I originally wrote this post on August 1, 2011. I lost my old website due to ignoring some emails that I actually thought was spam and lot my blog of over 11 years at that time – this post was one of my most cherished, they even read it at my grandma’s memorial service. When I was going through some old files this past week, I came across a backup. My eyes welled with tears of joy. 2020 – you weren’t all bad.
It should be no surprise when I say that I’m not a fan of Cancer. Honestly, I’m quite sure that Cancer does not have many fans. I try to think of something positive to say about Cancer and I’m sure if I really wanted to be polite, I might be able to say something, something about awareness or something, but then really right now, I don’t want to be polite. I pretty much dislike cancer with every ounce of my heart right now.
It was two months ago, almost to the day that I got an email while on a shoot that my grandma was heading to the Mayo Clinic in Jacksonville as she was just diagnosed with acute Leukemia. To say that I was stunned doesn’t really stage the scene properly. I was sitting in the van with three fabulous crew members waiting to start our photoshoot at no other location other than a cemetery, I honestly couldn’t make this up. I sat there speechless, and it was 3 p.m., my most non-speechless time of the day. Those who’ve worked all day with me know that that is usually the time that I get a little silly. I remember one of the crew members saying “Penny”, I responded with “uh, yeah, I’m ok” … I’m sure that they thought I was a little car sick or something. I pressed on with the shoot and thank goodness that the clients were full of giggles and funny because I was able to push aside the nagging at my heart gut wrenching feeling of wanting to just burst out in tears and crawl in bed and pretty much just cry. And that was just my feeling … Imagine what my grandfather must be feeling with the love of his life not too sure what the future holds. Imagine what my young late 60’s grandmother must have been thinking. She told me “I’ve never been really sick a day in my life”. Seriously, my grandma is a poster for good health.
Now, this all sounds grim and honestly the outcome of this post is not a happy one, I’ll forewarn you. However, my Grandma Cele is the most graceful, happy, lovely person you could ever meet. She finds something good in EVERY situation. I’m serious. No lie. In fact, she found the good in a very not good situation. Each time I spoke with her, we laughed, talked about what wonderful nurses she has, how they take such good care of her, how wonderful my grandfather was, even told me he has sexy arms (whoa!) we giggled for some time on that one. We talked about getting older, children and how she was drawing strength from the bible book of Job. Gosh it just brings me to tears to even type that.

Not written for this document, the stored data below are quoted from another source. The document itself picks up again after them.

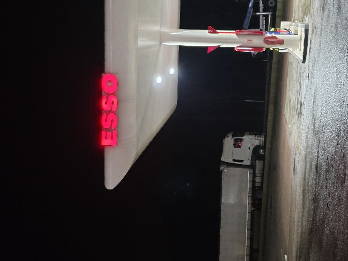 n Esso gas station at night. The red "ESSO" sign is illuminated on the station's canopy. A white semi-truck is parked at the gas station, and a wet concrete surface is visible. The lighting is generally dark, with the bright gas station sign providing the main source of illumination.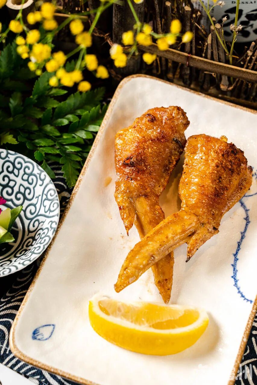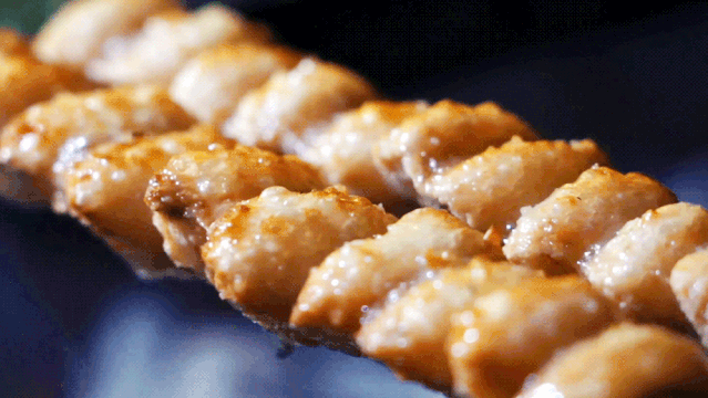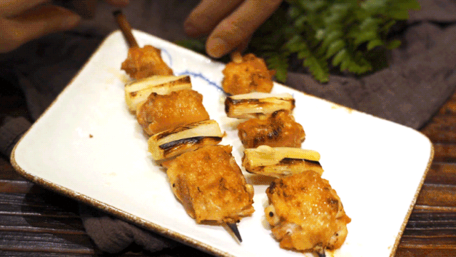 食材大部分都是从日本当地采购,鸡肉选用当地黄羽走地鸡,鸡肉结实,汁水丰盈。一代传一代的烧鸟师傅,纯熟地将每一粒盐均匀撒布在串烧上,使咸味恰到好处。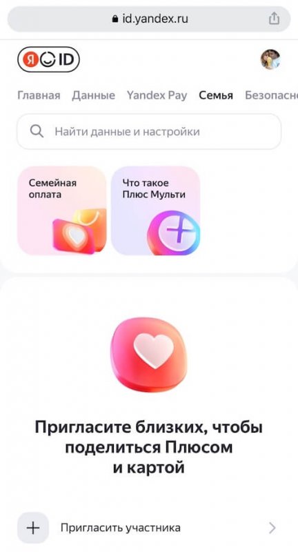 Данный раздел можно использовать, чтобы добавить своих друзей или родственников, для подключения им подписки Плюс или семейной карту для платежей. С помощью семейной карты пользователи могут совершать платежи в Лавке, Еде и других сервисах Яндекса.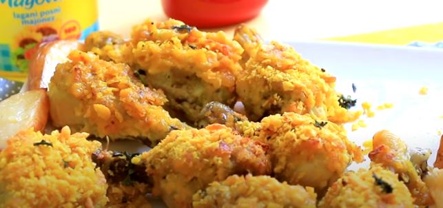 Svaki komad mesa bogato premažite umućenom masom i uvaljajte u kornfleks, složite na tepsiju i na kraju prelijte maslinovim uljem.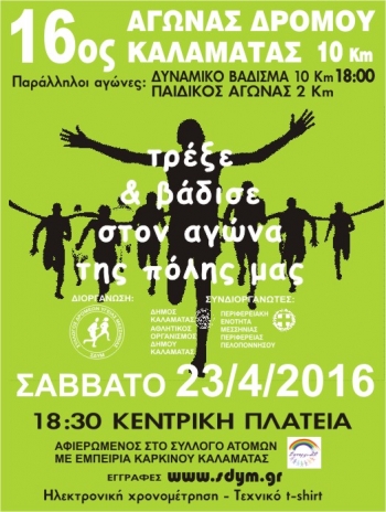 ΔΙΟΡΓΑΝΩΝΕΙ ΤΟΝ 16ο ΑΓΩΝΑ ΔΡΟΜΟΥ ΚΑΛΑΜΑΤΑΣ 10 km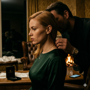 "Het werk slokt me de laatste tijd veel te veel op. Ik voel me schuldig dat ik je zo vaak alleen laat in dit grote huis." De schaamteloze leugen trekt een strakke knoop in mijn maag. Hij voelt zich helemaal niet schuldig over mijn eenzaamheid; hij gebruikt dit verzonnen schuldgevoel simpelweg als dekmantel voor de uren die hij gisteren met haar doorbracht. Hij haalt een zwart, fluwelen sieradendoosje tevoorschijn. Het gouden logo van een bekende juwelier glanst in het licht van de schemerlamp. "Dit zag ik in een vitrine op de luchthaven," zegt hij, terwijl hij het doosje naar me uitsteekt. "Het deed me aan jou denken."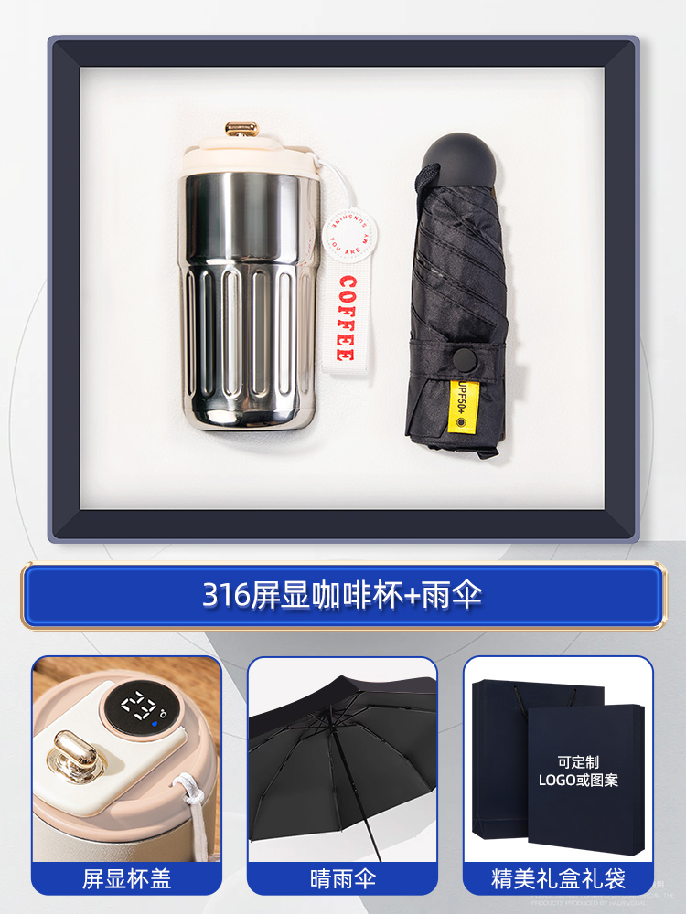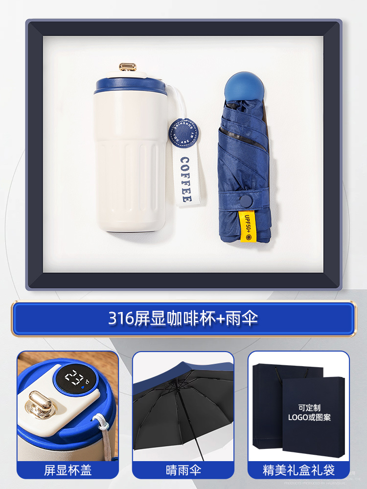 • 316 디지털 커피 컵 인터넷 연예인 우산 2피스 세트 흰색 2D 파란색 상자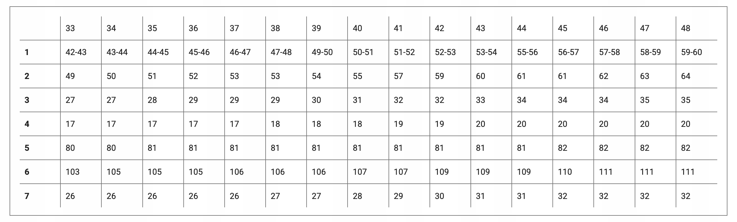 rozmiarszerokość w pasie (cm)szerokość w biodrach (cm)szerokość w udzie (cm)szerokość na dole nogawki (cm)długość nogawki od kroku (cm)długość nogawki zewnętrzna (cm)wysokość pasa (cm)

Seriously, there is no other person in my life or that I’ve have ever come across that I can say that about. She really saw the good in everything. I know one thing for sure, that she taught me that lesson. Never in my 40 years of life have I ever heard her speak ill of anyone or anything. Never. I can say that about no one else in my life. She is a woman of grace. Someone you just love the moment you meet her.
My grandma Cele is and was the most loving person I’ve ever met. She loved me and always took the time for me. I have memories of us coloring together, going on hikes, sitting outside in the backyard enjoying the evening. Some of the best memories. She taught me that no matter what, NO MATTER WHAT, there is good. Even in times of serious not good. This morning when I woke up to find out that she had passed away I sat outside staring at the wind blowing the tree leaves. I felt blank. I felt like I hadn’t ever noticed those leaves before. I could feel the breeze. I felt like I hadn’t really felt the breeze for a while … like I’d just been too busy to feel the breeze. I took Lucy for a walk thinking that maybe I could ground my thoughts and as I was walking her I asked myself what good could I see in this. And is stinks to say that I am thankful that she is not hurting anymore and is at peace. It stinks. It just does to lose someone so great. It sucks that the world lost a woman of true grace. To say that I’m going to miss my grandma Cele is quite the understatement, I wish that each person who happens upon this post could have met her because she would warm your heart and see inside of you something fantastic that maybe you hadn’t seen in yourself. She’d make you feel good.
My family and I are very thankful to the good care that my grandma got from all the wonderful Doctors and Nurses and other staff at the Mayo Clinic in Jacksonville. My grandma spoke very highly of you. You could hear her smile over the phone as she mentioned the good care she was getting. My only wish is that I got to give my grandma just one more hug … perhaps someday I will and I look forward to that day.